▼▼▼

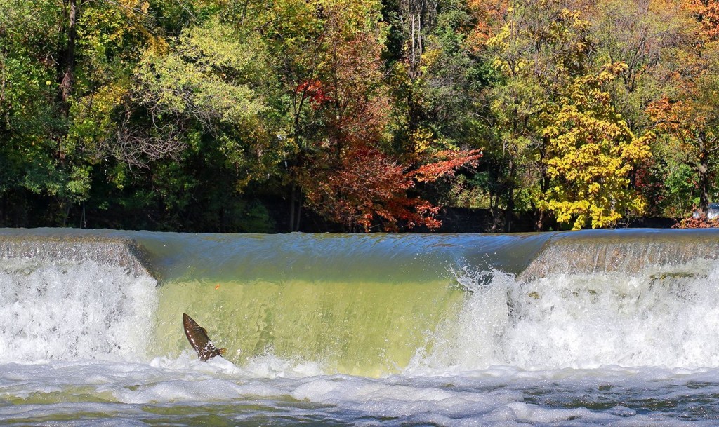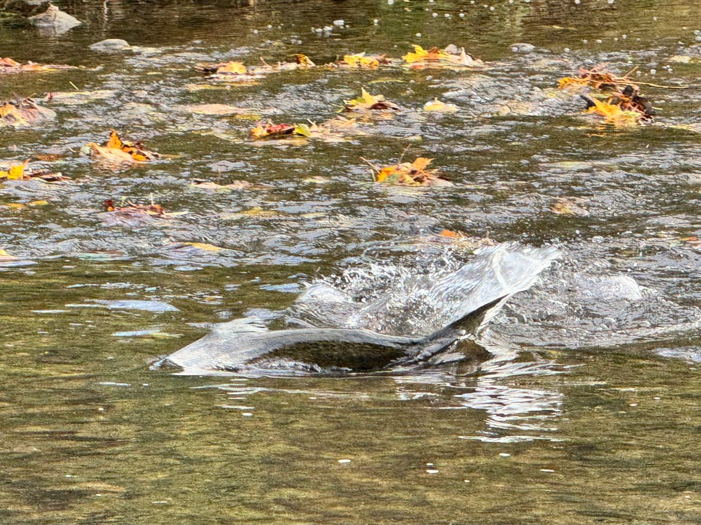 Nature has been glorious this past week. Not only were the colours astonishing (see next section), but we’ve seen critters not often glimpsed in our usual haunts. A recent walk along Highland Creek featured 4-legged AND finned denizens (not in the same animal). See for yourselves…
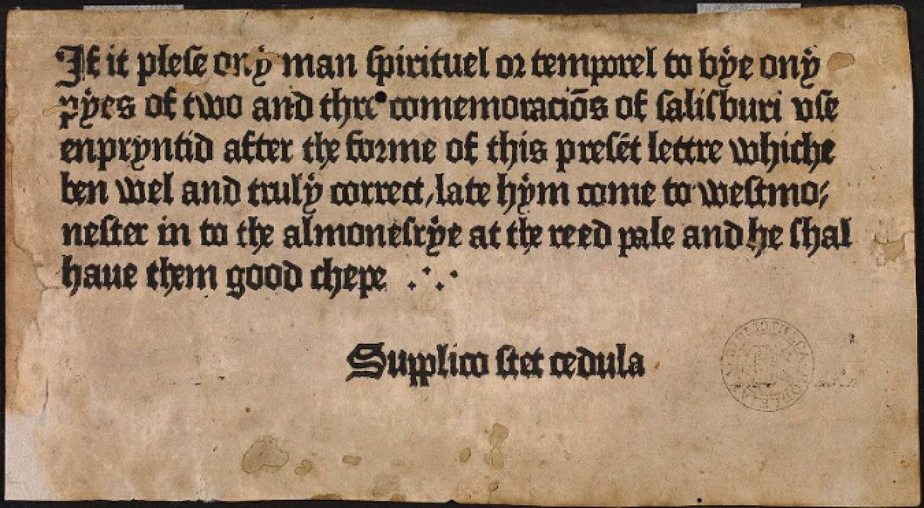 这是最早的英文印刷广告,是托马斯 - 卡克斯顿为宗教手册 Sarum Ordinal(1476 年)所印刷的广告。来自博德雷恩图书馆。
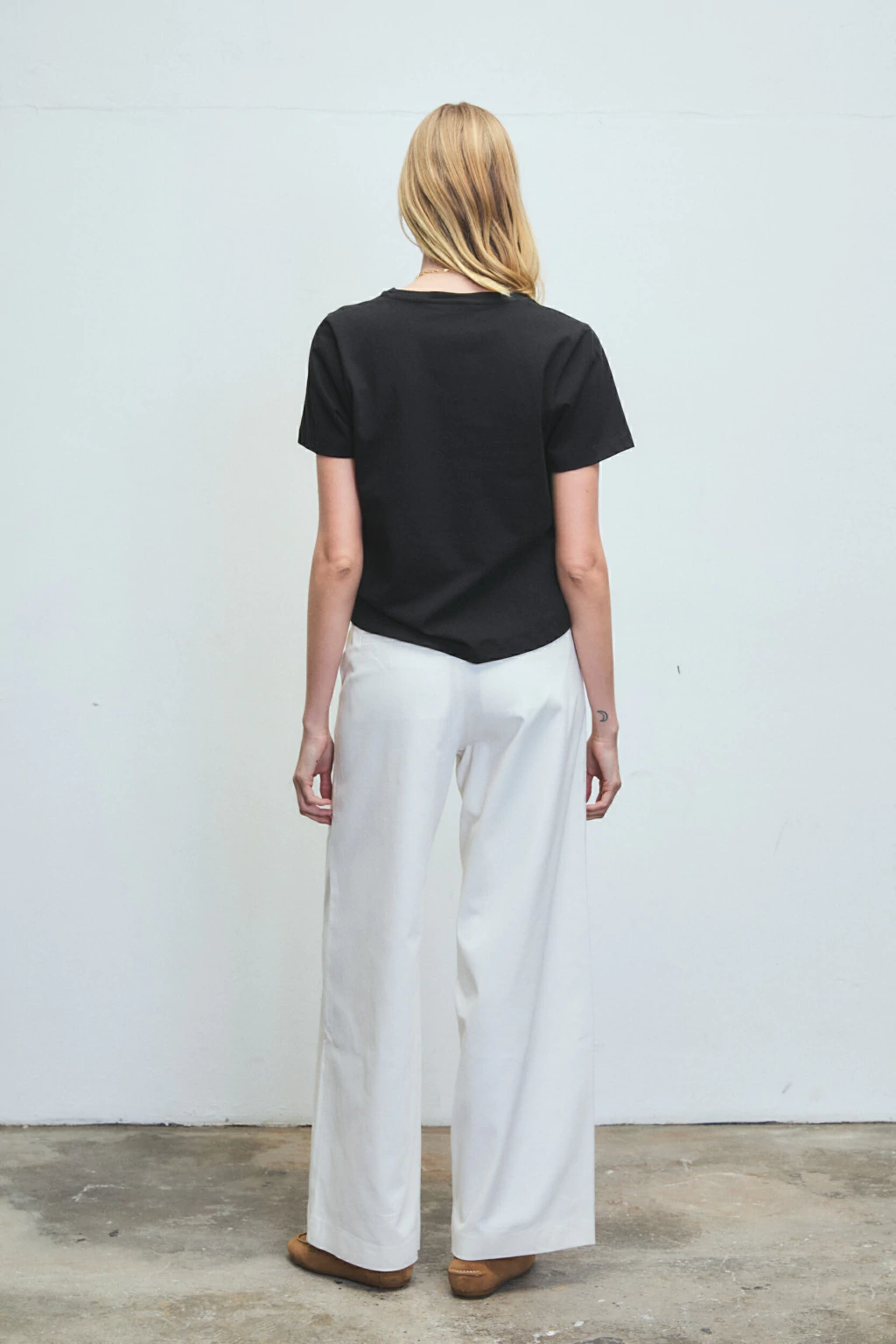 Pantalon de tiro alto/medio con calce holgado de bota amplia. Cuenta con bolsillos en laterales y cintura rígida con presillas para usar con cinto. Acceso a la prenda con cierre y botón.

▲▲▲
▼▼▼

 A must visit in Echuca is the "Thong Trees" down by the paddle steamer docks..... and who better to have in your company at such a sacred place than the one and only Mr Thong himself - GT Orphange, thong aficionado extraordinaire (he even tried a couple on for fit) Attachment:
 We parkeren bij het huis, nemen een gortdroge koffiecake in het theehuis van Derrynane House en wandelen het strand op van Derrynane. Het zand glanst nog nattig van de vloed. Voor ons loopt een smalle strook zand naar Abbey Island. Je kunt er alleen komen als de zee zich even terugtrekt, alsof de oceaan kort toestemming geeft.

▲▲▲

▶ **Required work**
The expected answer is a copy of each line in the listing above that contains "even".

▶ **Response to this task**
 A must visit in Echuca is the "Thong Trees" down by the paddle steamer docks..... and who better to have in your company at such a sacred place than the one and only Mr Thong himself - GT Orphange, thong aficionado extraordinaire (he even tried a couple on for fit) Attachment:
 We parkeren bij het huis, nemen een gortdroge koffiecake in het theehuis van Derrynane House en wandelen het strand op van Derrynane. Het zand glanst nog nattig van de vloed. Voor ons loopt een smalle strook zand naar Abbey Island. Je kunt er alleen komen als de zee zich even terugtrekt, alsof de oceaan kort toestemming geeft.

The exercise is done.